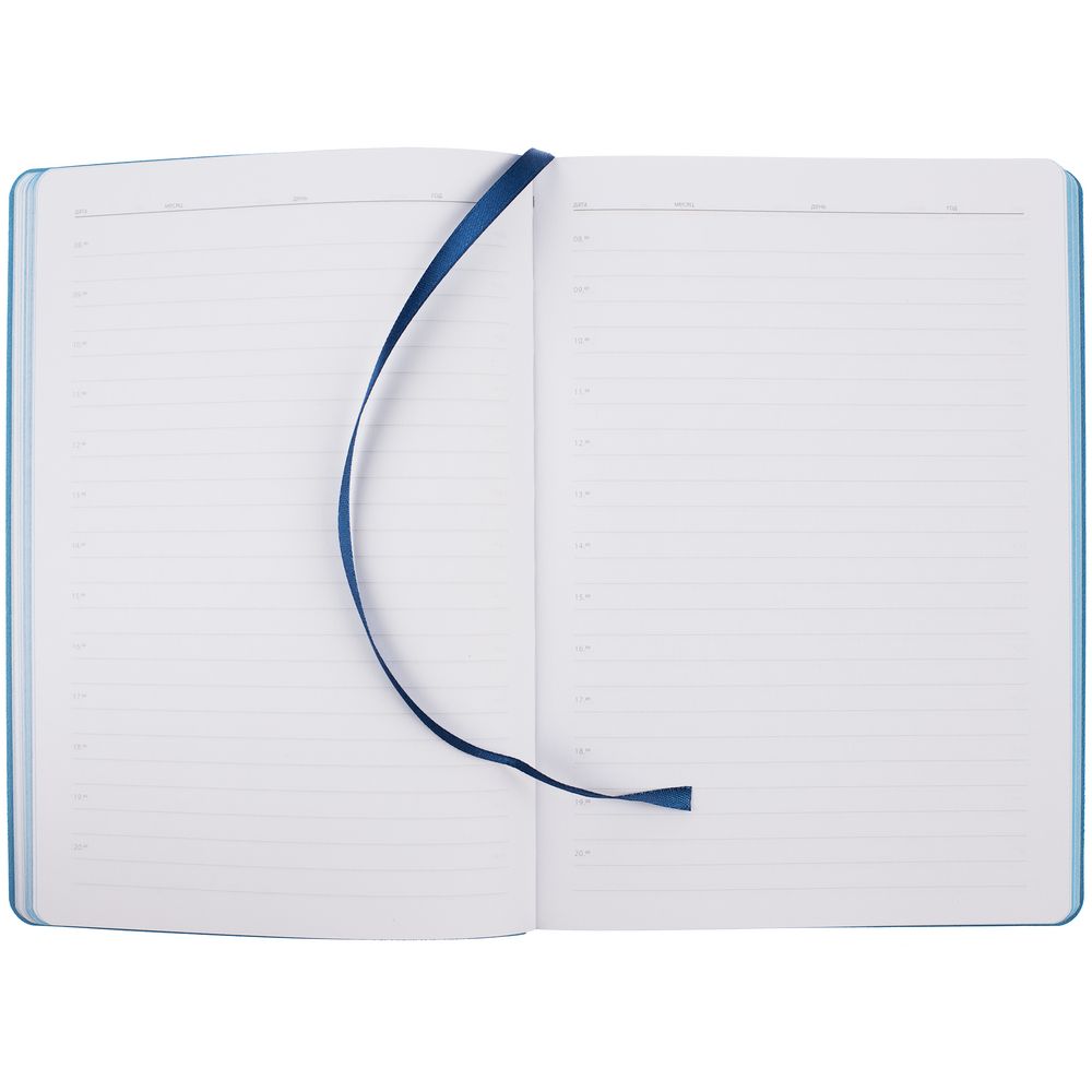 Ежедневник с гибкой обложкой, выполнен из материала Vintage, темно-синий НН и Latte, голубой JJ, дополнен ляссе в цвет обложки.
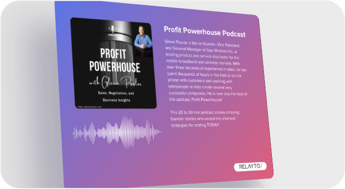 Profit Powerhouse Podcast Glenn Poulos is the co-founder, Vice President, and General Manager of Gap Wireless Inc., a leading product and service distributor for the mobile broadband and wireless markets. With over three decades of experience in sales, he has spent thousands of hours in the field or on the phone with customers and working with salespeople to help create several very successful companies. He is now also the host of this podcast, Profit Powerhouse! This 20 to 30-min podcast shares amazing founder stories who reveal the smartest strategies for scaling TODAY.
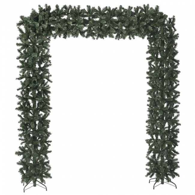 Χριστουγεννιάτικη καμάρα εισόδου απο πράσινη γιρλάντα. Οι διαστάσεις της είναι 210Χ240εκ. και το εσωτερικό της είναι 1.45Χ2.10εκ. Μία εντυπωσιακή αψίδα για να διακοσμήσετε την είσοδο της επιχείρησής σας προσφέροντας ένα θερμό καλωσόρισμα στους επισκέπτες σας.

____

Problem: Take the listing above and print it exactly, apart from the pictures.

Expected output:
 Ежедневник с гибкой обложкой, выполнен из материала Vintage, темно-синий НН и Latte, голубой JJ, дополнен ляссе в цвет обложки.
 Profit Powerhouse Podcast Glenn Poulos is the co-founder, Vice President, and General Manager of Gap Wireless Inc., a leading product and service distributor for the mobile broadband and wireless markets. With over three decades of experience in sales, he has spent thousands of hours in the field or on the phone with customers and working with salespeople to help create several very successful companies. He is now also the host of this podcast, Profit Powerhouse! This 20 to 30-min podcast shares amazing founder stories who reveal the smartest strategies for scaling TODAY.
 Χριστουγεννιάτικη καμάρα εισόδου απο πράσινη γιρλάντα. Οι διαστάσεις της είναι 210Χ240εκ. και το εσωτερικό της είναι 1.45Χ2.10εκ. Μία εντυπωσιακή αψίδα για να διακοσμήσετε την είσοδο της επιχείρησής σας προσφέροντας ένα θερμό καλωσόρισμα στους επισκέπτες σας.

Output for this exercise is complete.